#### What is required:
Give the number of lines in this listing that contain the word "Маяковский", and nothing else.

#### Given data:
*****

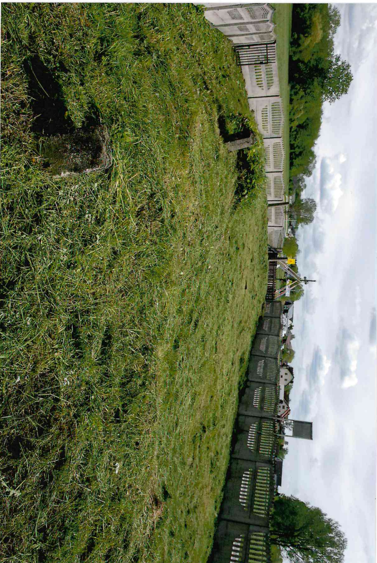
Widok z północnego zachodu

7. Fotografia z opisem wskazującym orientację w stosunku do sąsiednich terenów lub stron świata albo mapa z zaznaczonym stanowiskiem archeologicznym
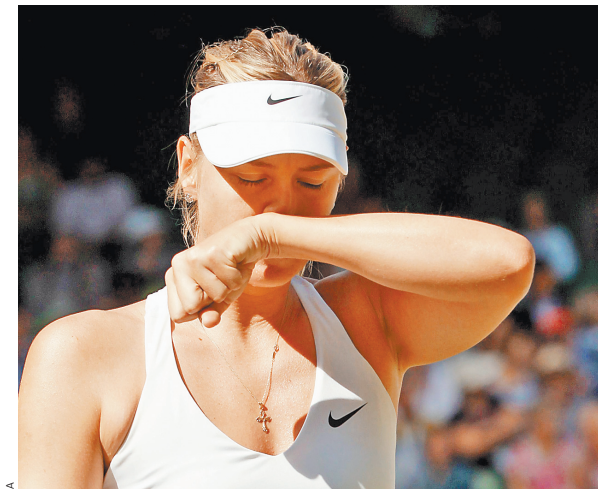
Мария Шарапова вновь не смогла справиться с мощью Серены Уильямс и проиграла американке в 17-й раз подряд.

Надо отметить, что Серена уже пять раз побеждала на Уимблдоне. Последний ее триумф датирован 2012 годом. И мало кто сомневается, что в этот раз титул также достанется Уильямс. В финале ее ждет молодая испанка Гарбин Мугуруса, которая в тяжелой встрече одолела полячку Агнешку Радваньскую — 6:2, 3:6, 6:3.
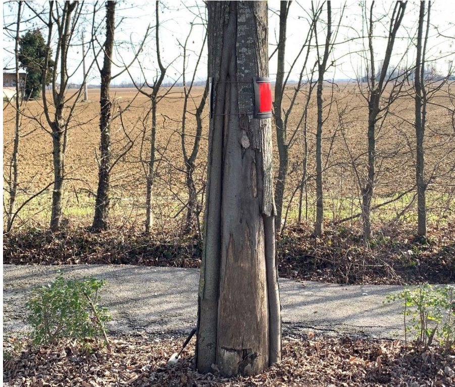
Figura 4. Grave lesione al colletto ed al fusto con legno degradato e marcescente

Relazione tecnica generale – Perizia di Variante n.1
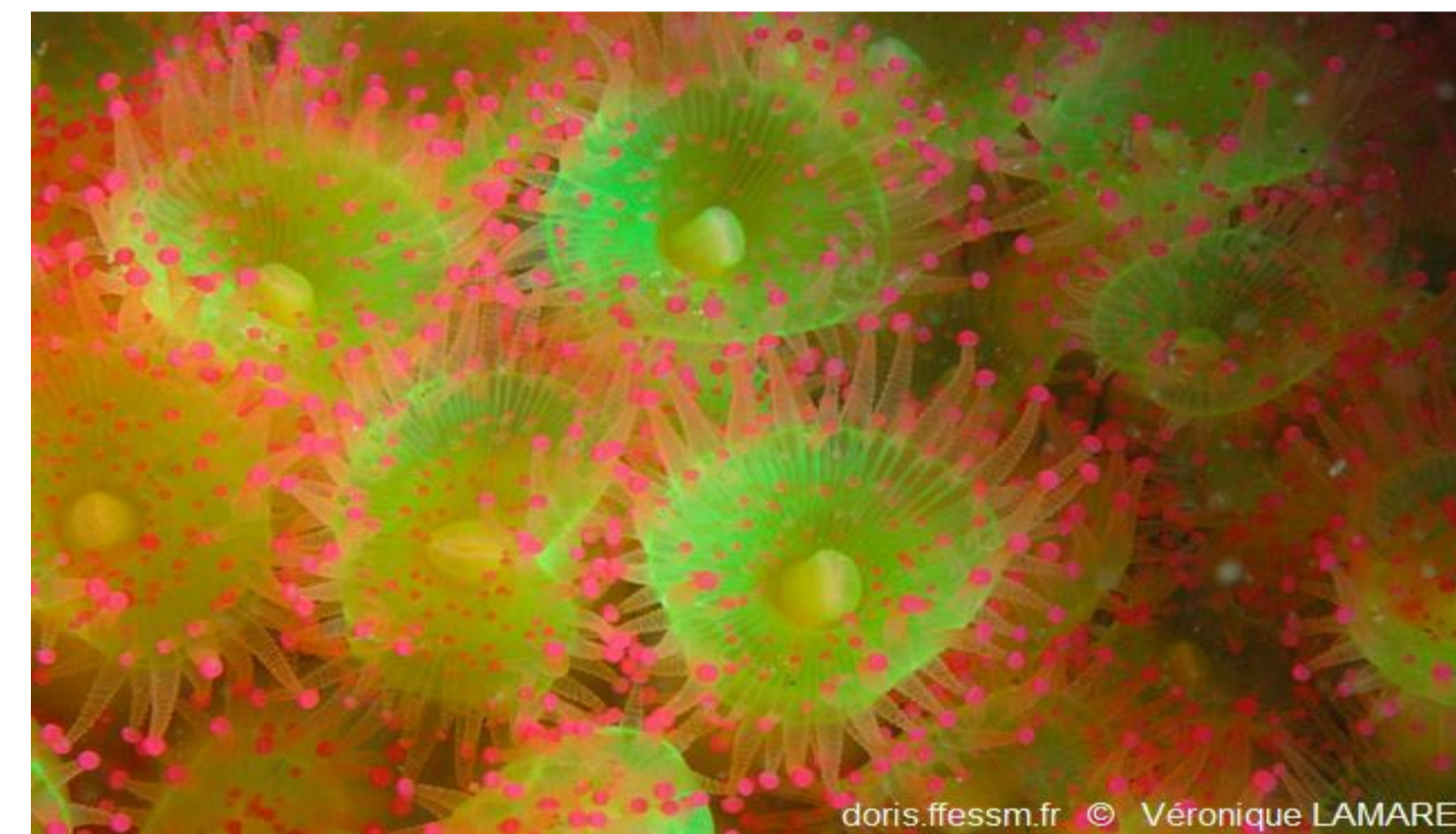
Anémone-bijou - 14,78%
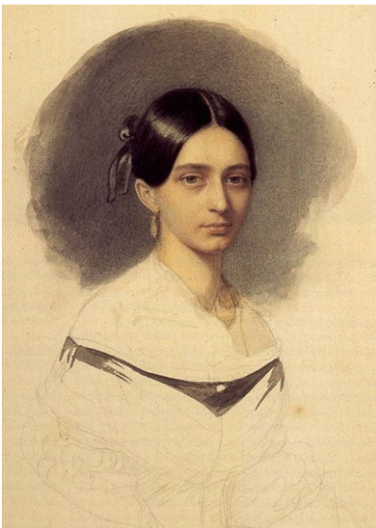
afbeelding 5: Clara Wieck in 1840

Zijn briljant dochtertje met de grote ogen, dat hij weet te maken tot de grootste pianist van haar tijd. Negen jaar oud is ze als Schumann haar voor het eerst ziet (te grote ogen, rare neus, vindt hij...). Te jong dus nog om als vrouw indruk te maken, maar dat zal spoedig veranderen. Clara is ook een componiste van niet onaanzienlijk formaat: al op 11-jarige leeftijd worden haar eerste composities gepubliceerd. Haar op 14-jarige leeftijd gecomponeerde pianoconcert (Schumann hielp haar later bij de orkestratie) oefende nog invloed uit (cello-solo) op het tweede pianoconcert van Brahms. Streng, zeer streng is vader Wieck, die haar vormt en plooit naar zijn normen. Een eigen leven heeft ze niet, ze wordt nog strenger bewaakt dan Rosina. Streng zijn ook de muzikale normen: géén vertrassing, weinig virtuoze flauwekul, geen Parijse toestanden à la Liszt (die ze dan ook zal haten!), maar eerlijke Duitse kost (in Clara's brieven vinden we enige aanvalletjes van vreemdelingenhaat en antisemitisme): Beethoven en wat later Bach. Het zal het publiek niet altijd behagen, maar wel direct het "handelsmerk" van Clara worden.
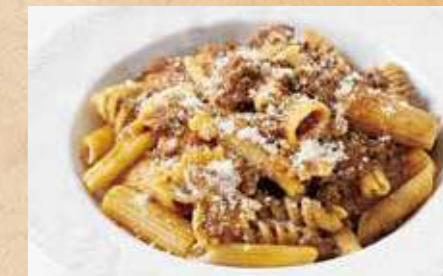
牛肉ボロネーゼの パスタミスタ
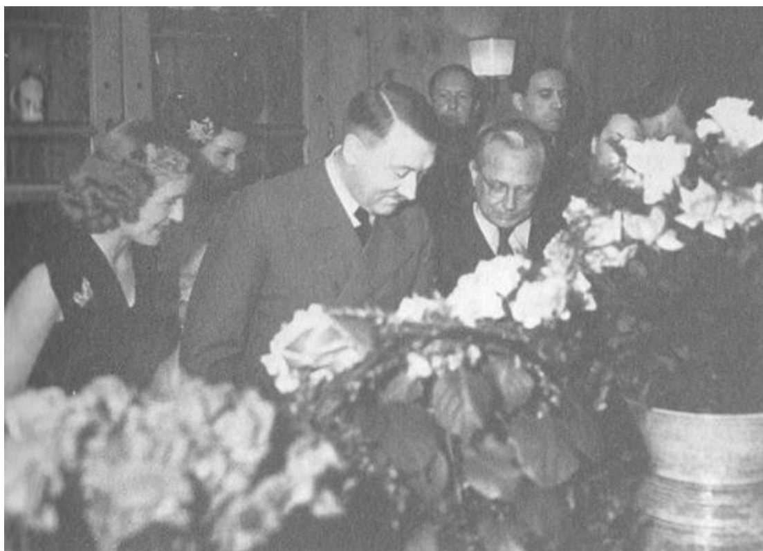
„Бергхоф”, 20 април 1944. Ева Браун и Хитлер на 55 -ия му рожден ден. Отдясно фотографът Хайнрих Хофман.
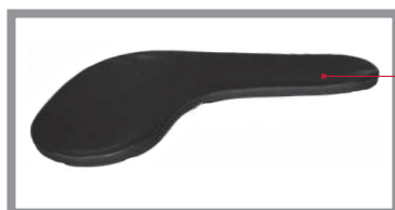
Abbildung 2 – Rückansicht
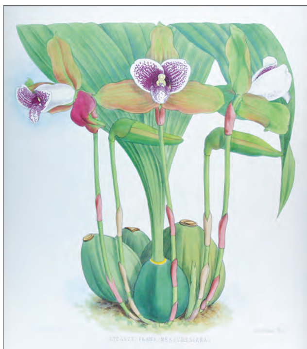
▲ Lycaste plana measuresiana (Bolivia), plaat 306 uit The Orchid Album.

Het zal duidelijk zijn dat wij met de schenking van de acht delen van The Orchid Album een prachtige aanwinst in huis hebben die gekoesterd zal worden. In Nederland bezitten zowel de Universiteit van Amsterdam als die van Leiden (Nationaal Herbarium) een complete set. Mocht u toevallig de delen 9, 10 en 11 in de boekenkast hebben staan, dan completeren we daar graag de Rotterdamse set mee. ◀
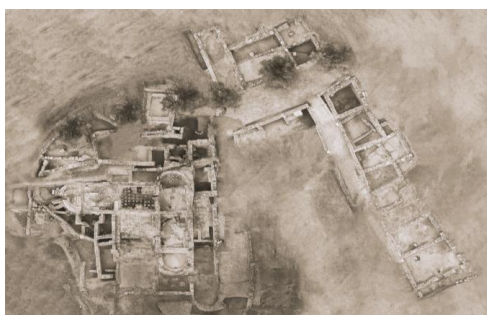
Εικόνα 1. Λουτρό ρωμαϊκών χρόνων και καταστήματα της αρχαίας Τενέας
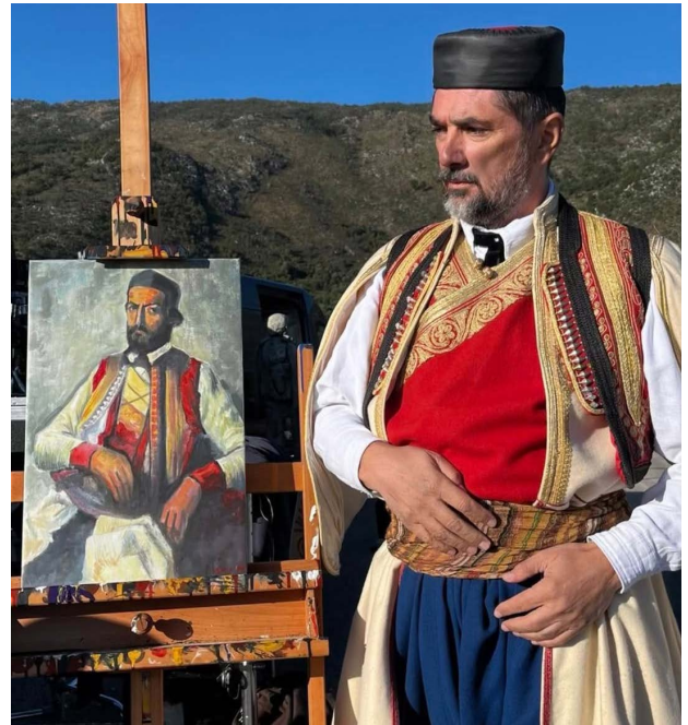
Lubarda, Na kuću ti gavran pao

Svestan sam tih problema, ali sam istovremeno i jedan od retkih srpskih autora koji nikada nije snimio komercijalni film niti reklamu. Živim isključivo od autorskog rada
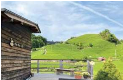
茶畑に囲まれたdandancafeで至福の時間を
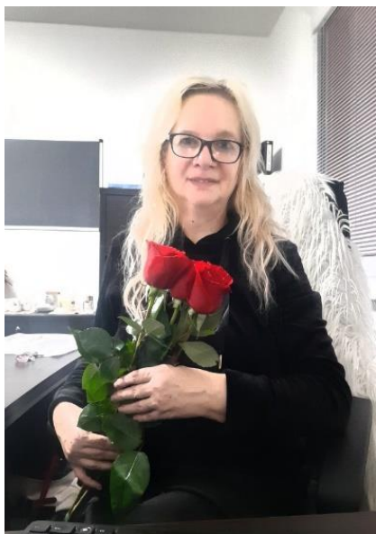
Manažérka kvality RDS

Vážení a milí obyvatelia Ružinovského domova seniorov, rada by som Vás oboznámila so systémom manažérstva kvality v našom zariadení. Ružinovský domov seniorov zabezpečenia systém plnenia podmienok kvality v zmysle prílohy č. 2 Zákona o sociálnych službách. Riadi sa metodickými príručkami systému manažérstva kvality a to:
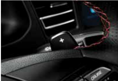
6단 수동변속기 패들 쉬프트
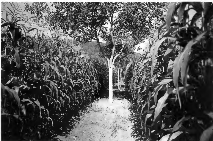
Photo 1 Culture associée noyers à fruits - maïs dans la vallée de l'Isère.
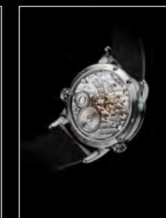
LM1 LONGHORN BACK
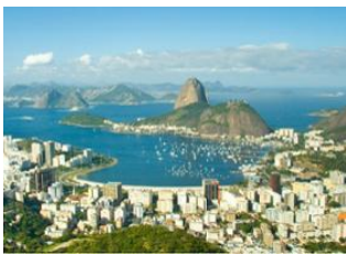
Rio de Janeiro 📍
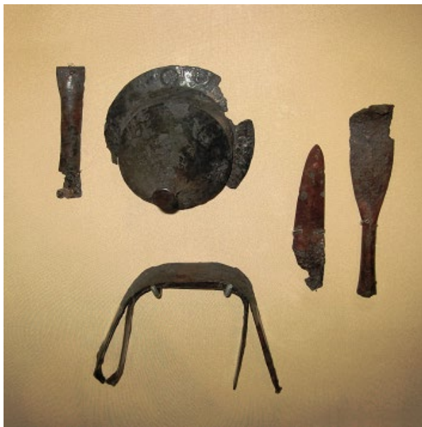
Рис. 1. Комплекс озброєння з поховання пшеворської культури у Волиці у експозиції НМІУ.

Отже, перейдемо до опису знахідок. Обидва наконечники списів були спеціально поламані. Перший із них – ромбічний у перерізі, масивний видовжений листопадібний наконечник (довжина – 210 мм, максимальна ширина – 44 мм) (рис. 2) має загнутий край вістря. Наконечник плавно переходить у масивну втулку із розширеним кінцем (довжина – 80 мм, діаметр – 16–22 мм). На відстані 10 мм від її кінця зберігся цвях, яким втулка прикріплювалася до дерев'яного древка. За класифікацією списів пшеворської культури П. Качанівського, волицький наконечник належить до типу XIII, поширеного у фазах В2 / С1 (150–270 рр. н. е.) 5 .
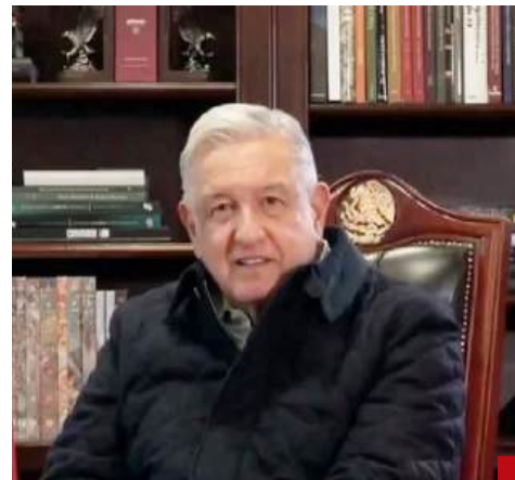
AMLO emitió el decreto publicado el 13 de febrero de 2023 sobre la prohibición del maíz transgénico.

Por supuesto, lo deseable es que los gobernantes tengan moral... bueno, que cuando menos no sean inmorales, amorales y similares.
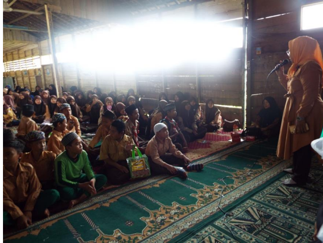
Gambar 2. Menunjukkan Antusiasme Siswa MTs Saat Final
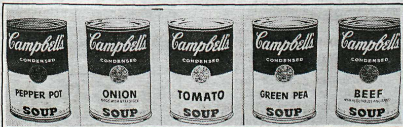
Andy Warhol sýndi fram á að dósasúpur eru ekki bara til að borða þær.
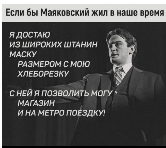
Рисунок 8 – Если бы Маяковский

Например, текстовое сопровождение приведенных ниже поликодовых текстов (Рис.8 и 9) оформлено реминисцентной рифмой В. Маяковского и коррелирует с актуальным сообщению контекстом (Если бы Маяковский, 2023; Закончился месяц, 2023).
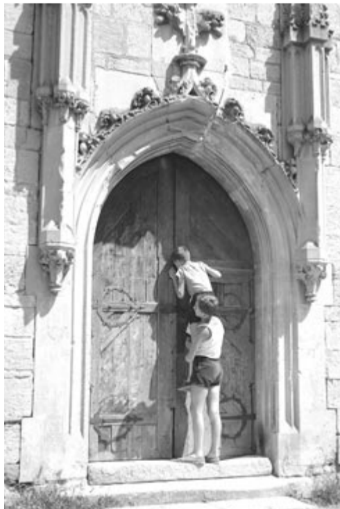
Kiváncsiak (Kolozsvár, 1965)

*****

#### Completed task:
2